Hübinette predicted that the new party would try to form an election alliance with other pro-Palestinian groups, such as the immigrant party Nyans, and the new socialist party Solidaritet, which was founded by Björn Alling, another Left Party outcast, in 2023. But even if it succeeds in doing this, he does not expect it to be able to get more than 2.5 percent at the very most, meaning it will not pass the parliamentary threshold.
“If the 2026 election is as close as the 2022 election, this could very well mean that Framtidens Vänster will bring home the victory for the Tidö parties once again in a year’s time,” he writes.
What else has been happening in Swedish politics?
New Liberal leader refuses to rule out joining far right in government
The Liberal Party’s new leader, Simona Mohamsson, in several interviews refused to repeat the promise made by her predecessor Johan Pehrson that the Liberals will not be part of a government that includes the Sweden Democrats. In an interview on SVT’s Agenda programme, she said the party’s line had not changed, but refused to commit herself to not joining a government with SD ministers.
In an interview with the Dagens Nyheter newspaper, she said that her view of cooperation with the far-right party had changed.

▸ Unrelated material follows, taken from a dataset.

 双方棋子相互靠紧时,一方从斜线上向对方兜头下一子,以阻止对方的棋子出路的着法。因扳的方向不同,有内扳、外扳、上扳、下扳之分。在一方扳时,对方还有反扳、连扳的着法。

“Voters should know that we are a right-wing party and that we want a right-wing prime minister. I think the cooperation we have with the Sweden Democrats today works well. Then, just like all other parties, we need to have a discussion about how we can maximise the Liberals’ influence after the next election.”
Swedish Green party keeps opposition to new nuclear
The Swedish green party’s ruling committee has backed down from its proposal to drop the party’s opposition to new nuclear power stations after the proposal generated strong internal opposition.

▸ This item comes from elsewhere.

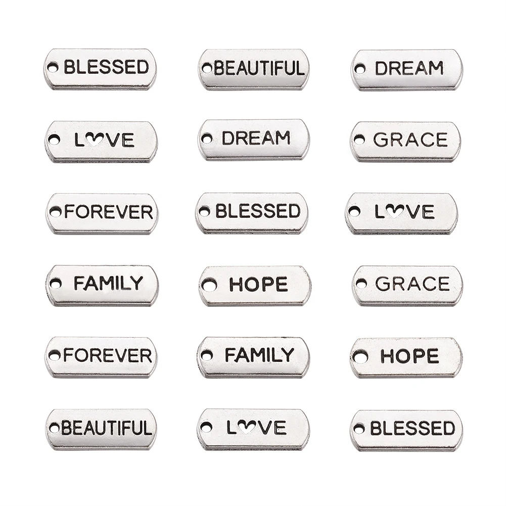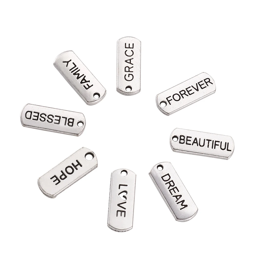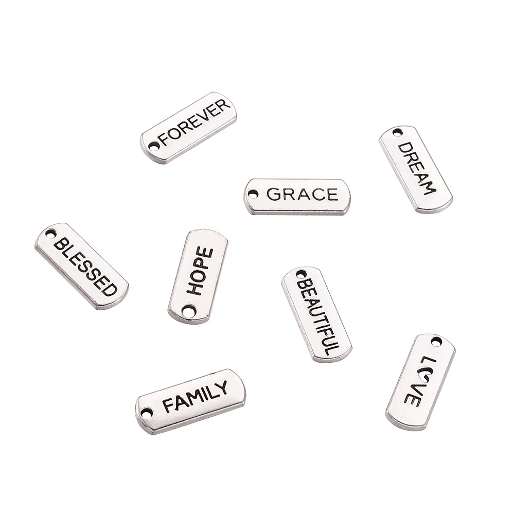 40 шт.компл. Подвески в виде слов, подвески из сплава для DIY ювелирных изделий, ожерелья, браслеты, антикварные серебряные цвета, смешанный стиль 8x21x2mm

The party’s new programme, which its national congress is scheduled to vote through in October, continues to say that the party “is opposed” to new nuclear power stations. It does, however, drop the party’s 2013 demand that the decommissioning of all existing nuclear power stations should start “immediately”.
Instead the programme calls for nuclear power stations to be decommissioned once sufficient renewable power capacity has been built to replace them.
Secret documents left in airport toilet
Sweden’s former national security advisor Henrik Landerholm is currently on trial for forgetting classified document at a conference hotel. On Monday the Dagens Nyheter newspaper reported yet another case of forgotten documents, revealing that an unnamed official left a file containing briefing notes for Prime Minister Ulf Kristersson in a toilet at Stockholm Arlanda.
The Left Party’s foreign spokesperson Håkan Svenneling has reported Kristersson to the parliament’s Committee on the Constitution over the incident.